Оборин нехотя пожал узкую ладонь худенького паренька.
— Очень приятно, — произнес он без энтузиазма.
— Ольга Борисовна говорила, что вы играете в шахматы, — робко сказал Сережа. — Я могу к вам зайти попозже?
— Заходите, — равнодушно кивнул Оборин. — Сыграем партию. Только не очень поздно, я что-то неважно себя чувствую, хочу пораньше лечь, чтобы выспаться.
— В половине одиннадцатого нормально будет?
— Нормально. Приходите.
Оборин перехватил настороженный взгляд Ольги, когда сказал, что не очень хорошо себя чувствует.
— Вас что-нибудь беспокоит, Юрий Анатольевич? — озабоченно спросила она. — Самочувствие ухудшилось?
— Нет-нет, просто устал, — улыбнулся он. — Не обращайте внимания, все как обычно.
Она очень серьезно посмотрела на него, потом молча кивнула и вышла вместе с Сережей.
Паренек явился без двадцати одиннадцать, неся под мышкой шахматную доску. Оборин нехотя оторвался от своих таблиц и диаграмм и расчистил на столе место для шахмат. Они разыграли первый ход и приступили к партии.
Через четыре хода Оборин понял, что очкарик разыгрывает дебют одной из партий на прошлогоднем кубке претендентов. Юрий хорошо знал эту партию, она была исполнена изящества и какой-то внутренней гармонии, и он каждый раз испытывал удовольствие, разбирая ее по нотации, опубликованной в специальном шахматном журнале. Но точно так же хорошо он помнил, что шахматист, игравший черными, допустил ошибку в миттельшпиле. В том же журнале был опубликован комментарий партии, где была показана эта ошибка и проанализированы возможные более перспективные ходы. Что ж, с удовлетворением подумал Юрий, мальчик в шахматах разбирается, пусть думает, что я иду у него на поводу. Только я постараюсь избежать ошибки, и тогда еще посмотрим, чья возьмет.
Он добросовестно придерживался плана сыгранной в прошлом году игры, позволяя себе небольшие вариации, но строго следя за тем, чтобы в целом ход партии почти не отличался от опубликованного.
— Юрий Анатольевич, а трудно писать диссертацию? — спросил Сережа, сделав очередной ход.
— Да нет, — рассмеялся тот, — не очень. Трудно понять, как это делать, что это такое, с чем едят. А когда поймешь, что нужно делать, то дальше уже просто. Садись и пиши.
— Это во всех науках так или только у вас?
— Во всех примерно одинаково. В любом случае в диссертации должна быть история вопроса, чтобы было понятно, что в этой области уже сделано и почему этого недостаточно. Должна быть твоя собственная постановка проблемы, чтобы было ясно, что раньше этого никто не делал, но это нужно для того-то и того-то. Обзор литературы по проблеме надо сделать. Точки зрения проанализировать. Потом описываешь свое собственное исследование, показываешь результат. А потом излагаешь выводы, которые из этого результата вытекают. Вот так в общих чертах. А что, ты собираешься диссертацию писать?
— Да мне еще учиться сколько… — Сережа махнул рукой. — Это я так, на будущее. Может, это так сложно, что и мечтать не стоит.

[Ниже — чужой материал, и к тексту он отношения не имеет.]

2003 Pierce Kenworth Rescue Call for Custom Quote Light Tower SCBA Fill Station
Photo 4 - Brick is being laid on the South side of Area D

Оборин сделал следующий ход, отметив про себя, что до той позиции в партии, когда черные должны сделать ошибочный ход белопольным слоном, осталось совсем немного, всего шесть ходов. Мальчик, видно, очень надеется, что Оборин ошибку повторит, поэтому и начал вести с ним разговоры, чтобы рассеять внимание и отвлечь. Юрию стало смешно, и, несмотря на слабость и головную боль, он даже развеселился. Что ж, поможем хитрецу, озорно подумал он, пусть считает, что его маневр удался.

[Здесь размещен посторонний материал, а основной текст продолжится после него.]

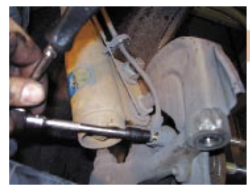
13.Loosen lower ball joint 15/16 nut (both left and right) until there is a 1/8 inch gap with the nut maintaining full thread engagement.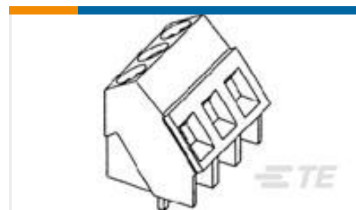
TE Part #796690-2 TERMI-BLOK PCB MOUNT 2P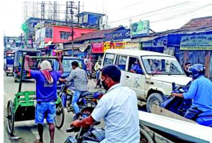
Heavy traffic at Rangiya town during the third phase of lockdown, as seen on Thursday.

The old building of the hospital has been transformed into a complete COVID-19 hospital with all facilities, where altogether 150 patients could be accommodated.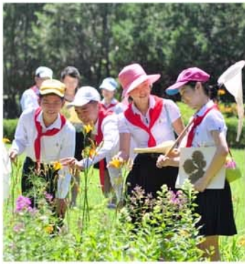
Front Cover: Observation of nature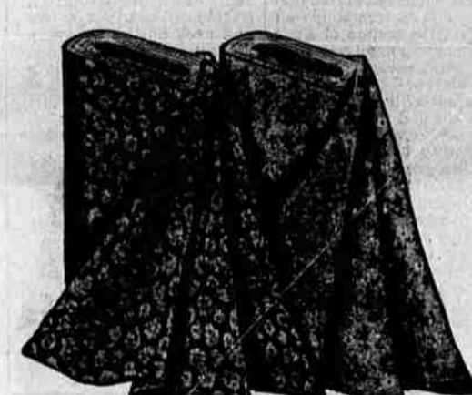
REG. 39c 80-SQ. PERCALE 3 yds. $1

Famous "Yardstick" pattern is combed and exceptionally smooth for your finest cotton fashions. Beautiful plaids and checks in new frosty tones. Crease-resistant for a lasting fresh look. Sanforized.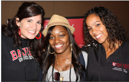
Barry University students enjoying the Graduate Program Fair.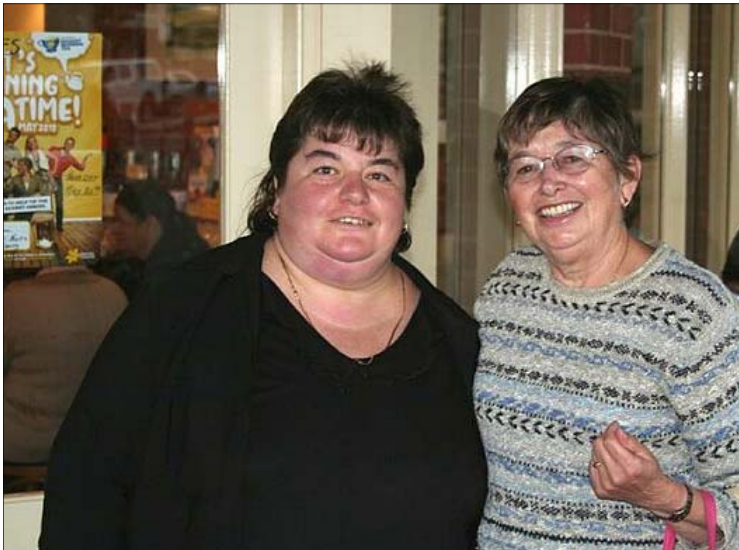
ECHUCA CAMP Cont'd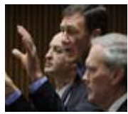
Houston panel rolled the pens on boats - is a caption

It came as no surprise that the failure of the government to ban this trade has been an ongoing a source of disbelief for caring Australians and, for many, despair.

— Как же ты будешь на занятия ходить, если по ночам работаешь? — спросил он, делая вид, что сосредоточенно разглядывает фигуры на доске. — Ты же заснешь на лекции.
— Ничего, выдержу, — улыбнулся Сережа, — организм молодой.
— Что, очень деньги нужны?
— Очень, — признался очкарик. — Я жениться собираюсь после летней сессии, хочу подкопить немножко на свадьбу, на подарки всякие. Сами понимаете.
— Жениться? — непритворно удивился Оборин. — Зачем же так рано? Чего тебе свободному не живется?
— Ну как же! — Сережа поднял на него глаза, в которых плескалось изумление. — Я же ее люблю. Я хочу с ней жить. Разве не понятно?
— Ты ее любишь, — хмыкнул Оборин. — А она тебя?
— И она меня любит, — уверенно ответил Сережа. Потом подумал немного, сделал ход и добавил: — Я надеюсь.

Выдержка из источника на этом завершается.